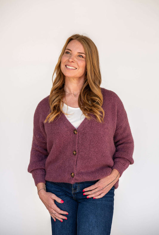 Yaya - Lang grofgebreid vest met kraag en steekzakken
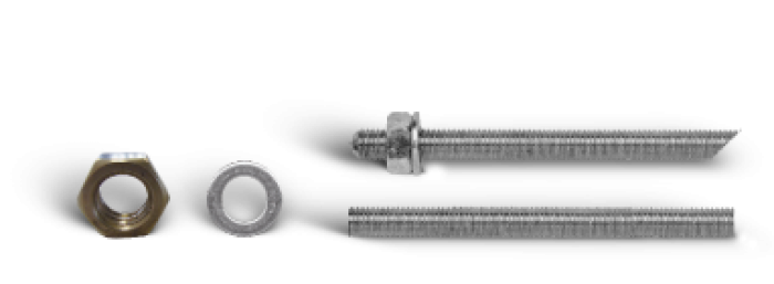 BF 4.8. Varilla roscada Bossong clase 4.8 EN ISO 898 corte 45° con tuerca y arandela.
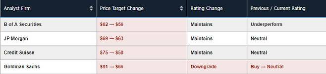 한편 타이슨 푸드에 대해 투자의견을 제시한 월가 애널리스트는 총 13명으로 이중 5명(38.5%)만 매수(비중확대 포함)의견을 유지하고 있다. 그마저 아담 새뮤얼슨의 변심으로 매수 의견 비중은 30.8%로 낮아졌다. 현재 평균 목표주가는 68.44달러로 이날 종가보다 11.5% 높다. 아담 새뮤얼슨의 종전 목표가 91달러는 월가에서 가장 높은 목표가였다.
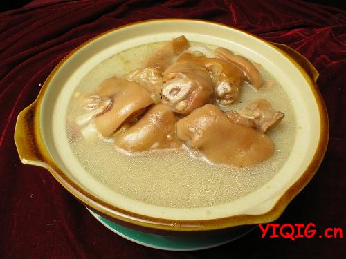 ⑤猪蹄压好之后不要急着把高压锅打开,等到一个小时左右,让猪蹄再捂一下(www.yiqig.cn 一起过)。
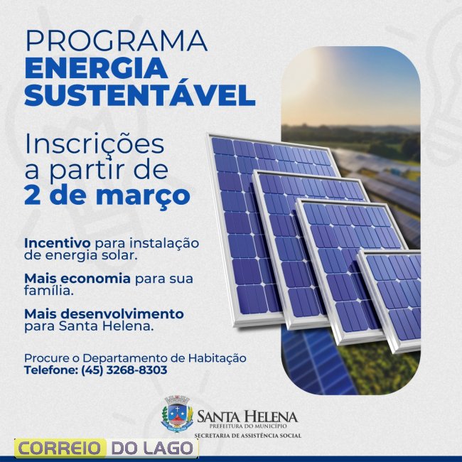 A Prefeitura de Santa Helena lançou nesta quinta-feira (26) novo edital do Programa Energia Sustentável, iniciativa que incentiva a instalação de sistemas de energia solar em residências do Município. As inscrições estarão abertas a partir do dia 2 de março.
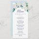 This classic white flowers wedding dinner menu card is perfect for a spring wedding. The elegant floral design features soft ivory and white roses, peonies, and chrysanthemum with touches of periwinkle blue watercolor flowers and green foliage. This menu can be used for a wedding reception, rehearsal dinner, or any event.
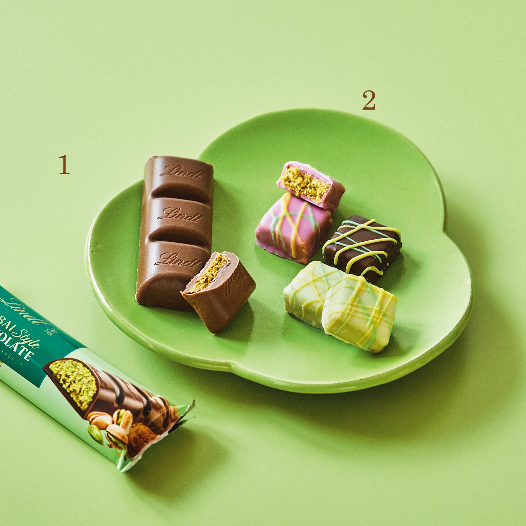① Lindt リンツドバイスタイルチョコレート バー 1個 ¥1,300 ② divan ピスタチオドバイチョコレートプラリネアソート 6個入り ¥3,240
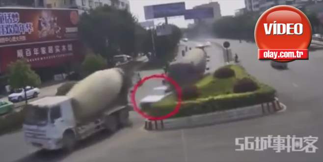 Çin'in Guangdong eyaletinde iki beton mikserinin arasında kalarak kağıt gibi ezilen otomobilin içerisindeki anne ve
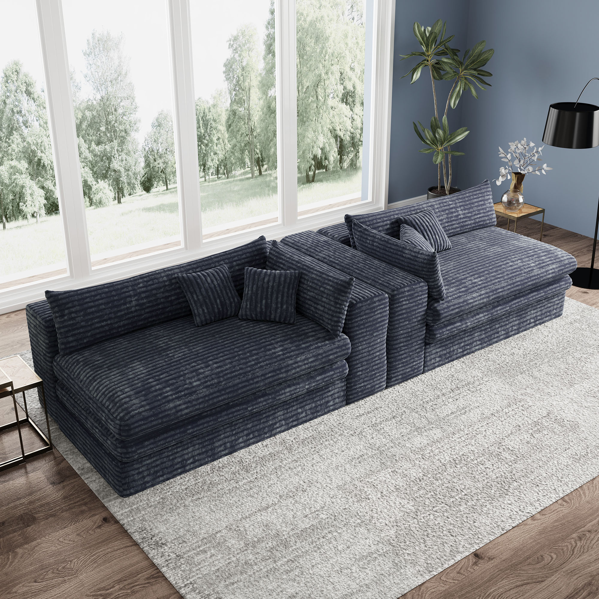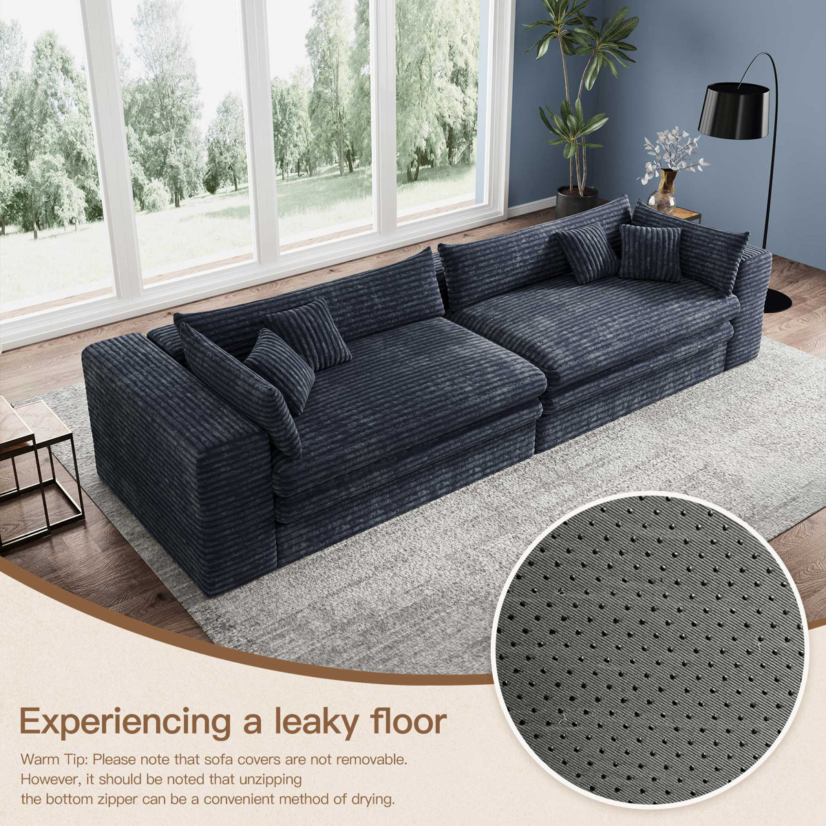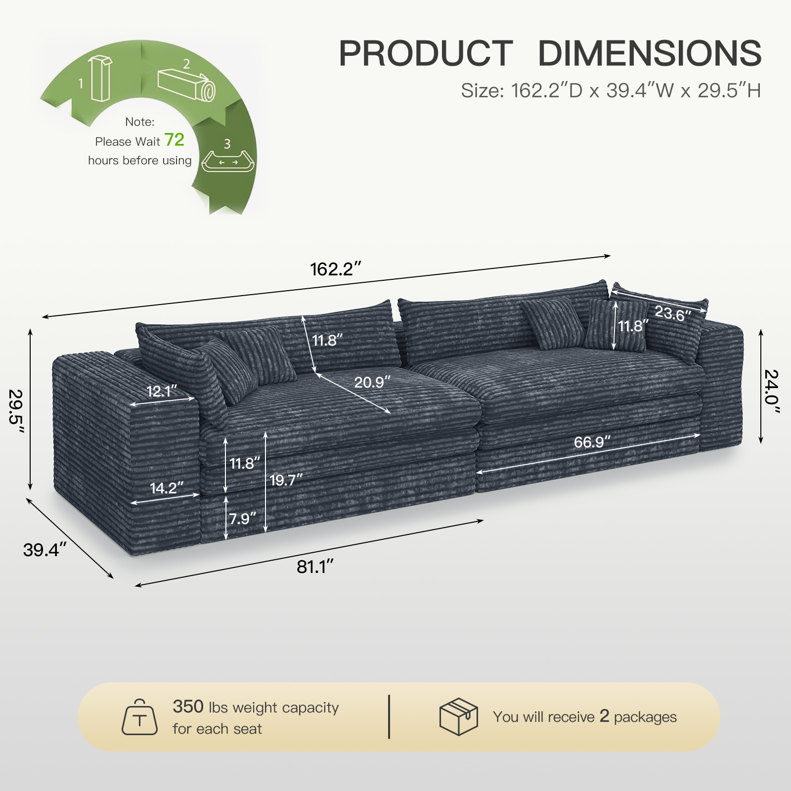 The 162-inch gray corduroy compression foam sofa combines comfort and style for your living space. Upholstered in soft gray corduroy, it features a solid color pattern that complements various decor styles. The modular design allows for flexible arrangement, making it perfect for casual gatherings. The sturdy foam frame ensures durability and resilience, providing lasting enjoyment. This sofa also includes arms for added comfort and support, making it an ideal choice for lounging or entertaining guests. Transform your home with this stylish and functional centerpiece. 29.50-inch h x 162.20-inch w x 39.40-inch d.

» Exercise description
From the first line of the records down through the line containing "A Prefeitura de", transcribe exactly those lines and no others, both ends kept, pictures dropped.

» Result of this task
 Yaya - Lang grofgebreid vest met kraag en steekzakken
 BF 4.8. Varilla roscada Bossong clase 4.8 EN ISO 898 corte 45° con tuerca y arandela.
 한편 타이슨 푸드에 대해 투자의견을 제시한 월가 애널리스트는 총 13명으로 이중 5명(38.5%)만 매수(비중확대 포함)의견을 유지하고 있다. 그마저 아담 새뮤얼슨의 변심으로 매수 의견 비중은 30.8%로 낮아졌다. 현재 평균 목표주가는 68.44달러로 이날 종가보다 11.5% 높다. 아담 새뮤얼슨의 종전 목표가 91달러는 월가에서 가장 높은 목표가였다.
 ⑤猪蹄压好之后不要急着把高压锅打开,等到一个小时左右,让猪蹄再捂一下(www.yiqig.cn 一起过)。
 A Prefeitura de Santa Helena lançou nesta quinta-feira (26) novo edital do Programa Energia Sustentável, iniciativa que incentiva a instalação de sistemas de energia solar em residências do Município. As inscrições estarão abertas a partir do dia 2 de março.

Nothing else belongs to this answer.